LONDON -- BP this morning announced its intention to carry out a share repurchase program with a value of up to $8 billion, or £5.3 billion -- a bigger cash return than had been previously expected.
Yesterday, the oil Goliath completed the sale of its 50% stake in TNK-BP to Russian state oil company Rosneft for $12.5 billion, which now becomes the world's largest listed oil producer.
BP's original investment in 2003 saw around $8 billion in cash, shares and assets go into the formation of TNK-BP, and today's news backs its promise to return that money to shareholders. The remaining proceeds from the sale will be ploughed into the company in order to reduce its debt.
Chief executive Bob Dudley commented:
BP is moving on to the next phase of its business in Russia, becoming the largest private shareholder in Rosneft, Russia's leading oil company. In the process we have also released cash, equivalent to at least six years of BP's anticipated future dividends from TNK-BP. We look forward now to working closely with Rosneft and together developing opportunities to create value for both companies.
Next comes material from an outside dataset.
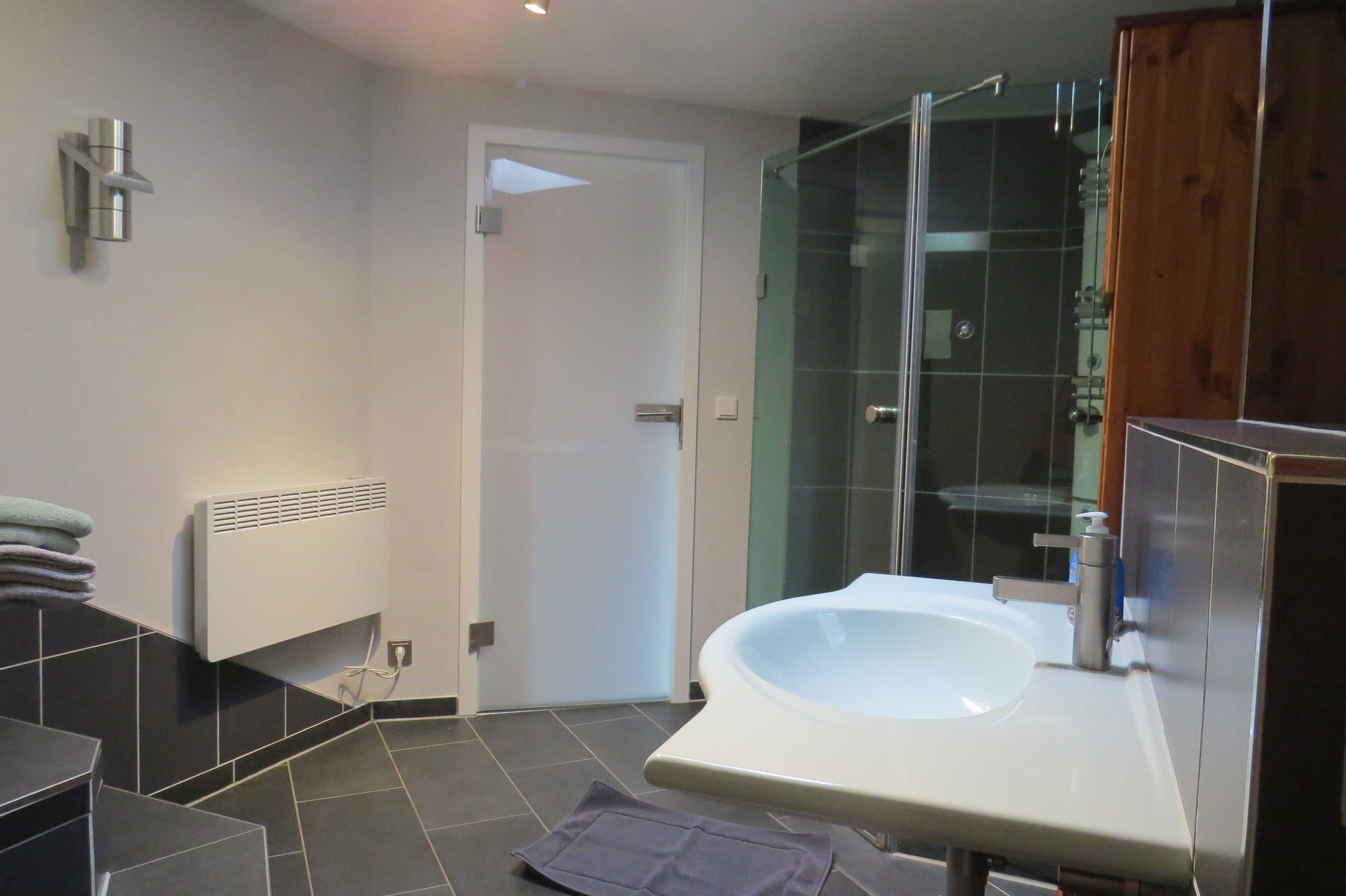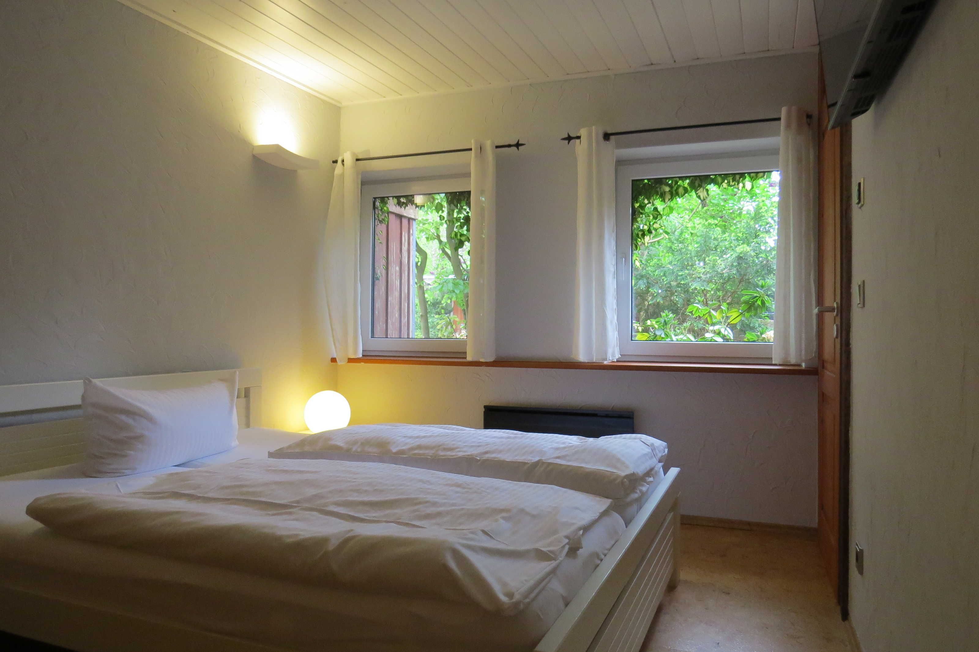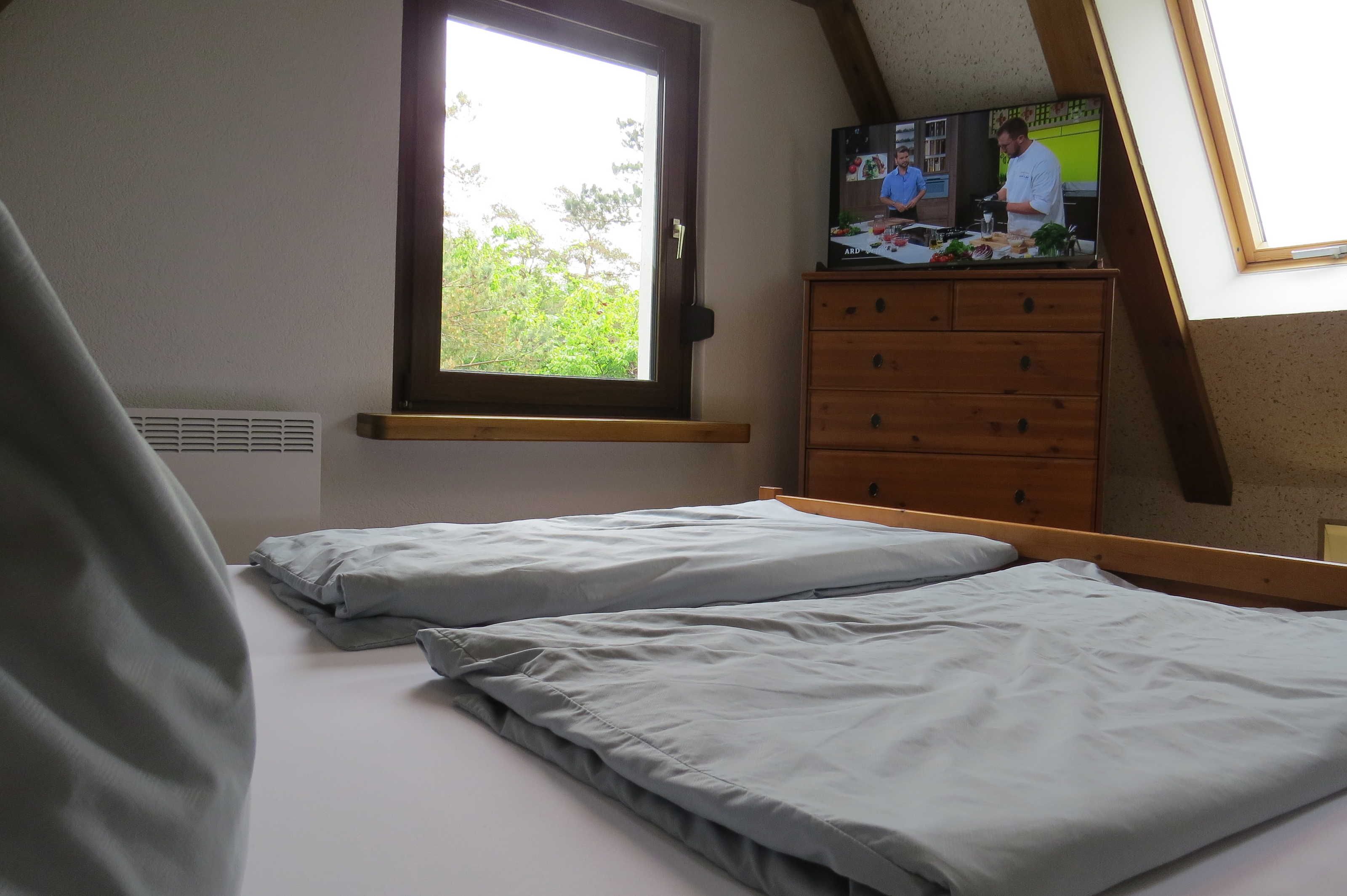 Eine Waschmaschine und Trockner befindet sich ebenfalls auf der unteren Etage. In der oberen Etage finden Sie ein großes Schlafzimmer mit Doppelbett und TV, sowie ein kleines Schlafzimmer mit zwei getrennten Betten in den Maßen 1,40m x 1,90m.

Buyback schemes are often undertaken with the intention to increase the value of shares, and BP's have seen a 12 pence, or 2.7%, increase in early trade to reach 461.45 pence.
The move follows further disposals by BP, such as the sale of its 50% non-operated stake in the Sean gas field in the North Sea to SSE, intended to help cash flow and maintain its ability to pay dividends. Indeed, during the first nine months of 2012, BP raised $5 billion from disposals, and currently yields 5%.